I read the article and I don't know what the point. You can show me a chart showing the percentage over 16 who are divorced and it has ZERO meaning unless there is a chart of percentage of 16 years and above that have been married. I don't have the chart but I'm going to assume that the marriage rate in rural areas is higher then one can assume that the percentage of those that are divorced is higher.

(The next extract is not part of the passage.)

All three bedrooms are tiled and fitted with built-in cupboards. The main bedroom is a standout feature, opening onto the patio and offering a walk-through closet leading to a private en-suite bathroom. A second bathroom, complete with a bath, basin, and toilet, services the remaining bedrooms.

Then I can break most all of those "shocking" charts down to age. The median age is high in rural areas. So is there any surprise that the charts on all of the health related charts? No, older people are generally sicker. The only thing that really stands out is the trajectory of lung cancer.
 
I read the article and I don't know what the point. You can show me a chart showing the percentage over 16 who are divorced and it has ZERO meaning unless there is a chart of percentage of 16 years and above that have been married. I don't have the chart but I'm going to assume that the marriage rate in rural areas is higher then one can assume that the percentage of those that are divorced is higher.

Then I can break most all of those "shocking" charts down to age. The median age is high in rural areas. So is there any surprise that the charts on all of the health related charts? No, older people are generally sicker. The only thing that really stands out is the trajectory of lung cancer.

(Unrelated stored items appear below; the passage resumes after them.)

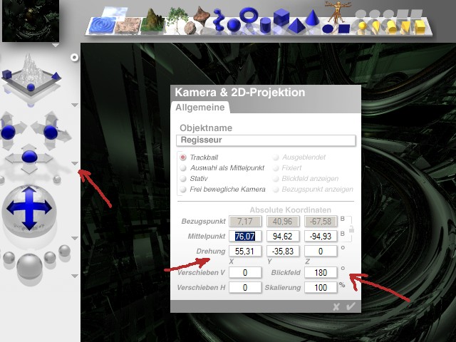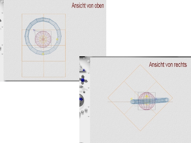 ....hier die ersten Screens der Szene: Ansicht von oben und Ansicht von rechts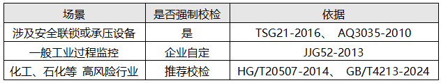 若壓力表與承壓設備(如氣動執行機構的安全保護系統)直接相關,可能被歸類為安全附件,需強制定期檢定。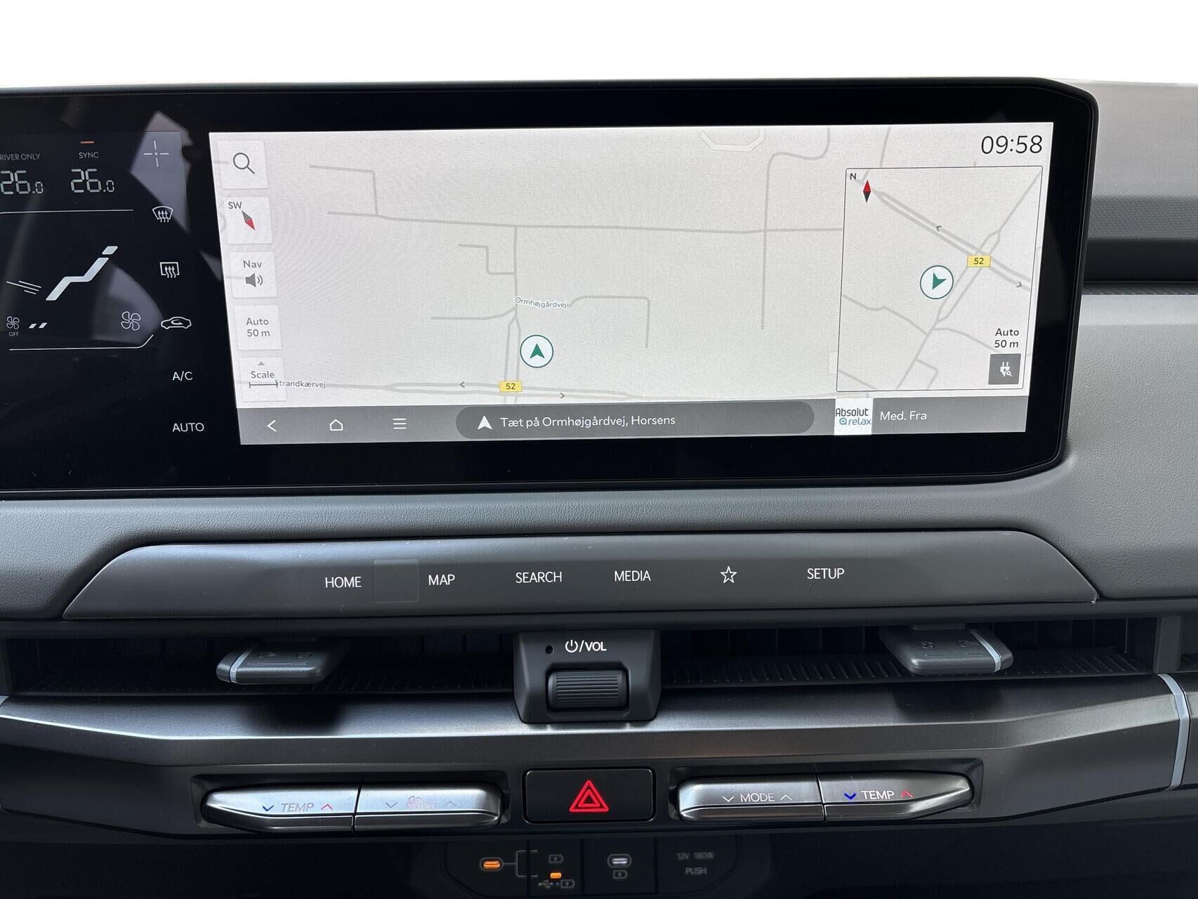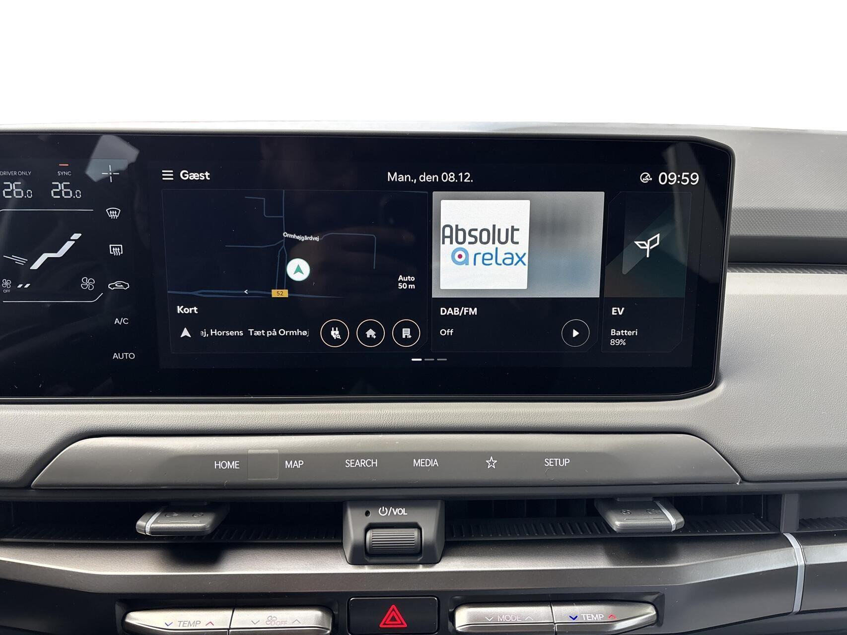| Android Auto, Apple CarPlay, Automatgear, Automatisk lys, Bakkamera, Bluetooth, Centrallås, DAB radio, Digital instrumentering, El indst. forsæder, Elruder for/bag, El-spejle, Fartbegrænser, Fartpilot adaptiv, Håndfri telefon, Infocenter, Klimaanlæg 2-zoner, Multifunktionsrat, Musikstreaming via bluetooth, Navigation, Nøglefri døre, Nøglefri start, Parkeringssensor for/bag, Radio, Regnsensor, Stemmebetjening, Stemmestyring, Touchskærm, Udvendig temperaturmåler, USB-C, Varme i bagruden, Alufælge, DC Hurtiglader, LED kørelys, Armlæn, Kopholder, Højdejusterbart førersæde, Multijusterbart rat, Splitbagsæde, ABS, Afstandsradar, Airbag, Alarm, Antispin, Auto hold, Dæktrykssensor, ESP, Isofix, Selealarm |

People used to want to live in rural America and employers followed. People are choosing cities now and employers have followed.
 
People wanted to live in rural America? You mean in the 1800 when they left the city to find available land?

I don't think the employers followed was really the case. There were factories in large cities. People went out into rural America. Industrious people started small business in these local areas, small factories like your Pella Windows. But as the world changed into a more global market with multi nationals importing lower cost goods and government regulation strangling small business ability to complete they died off. The educated move to bigger cities for careers in tech and creative industries and it created a cycle.
 
People wanted to live in rural America? You mean in the 1800 when they left the city to find available land?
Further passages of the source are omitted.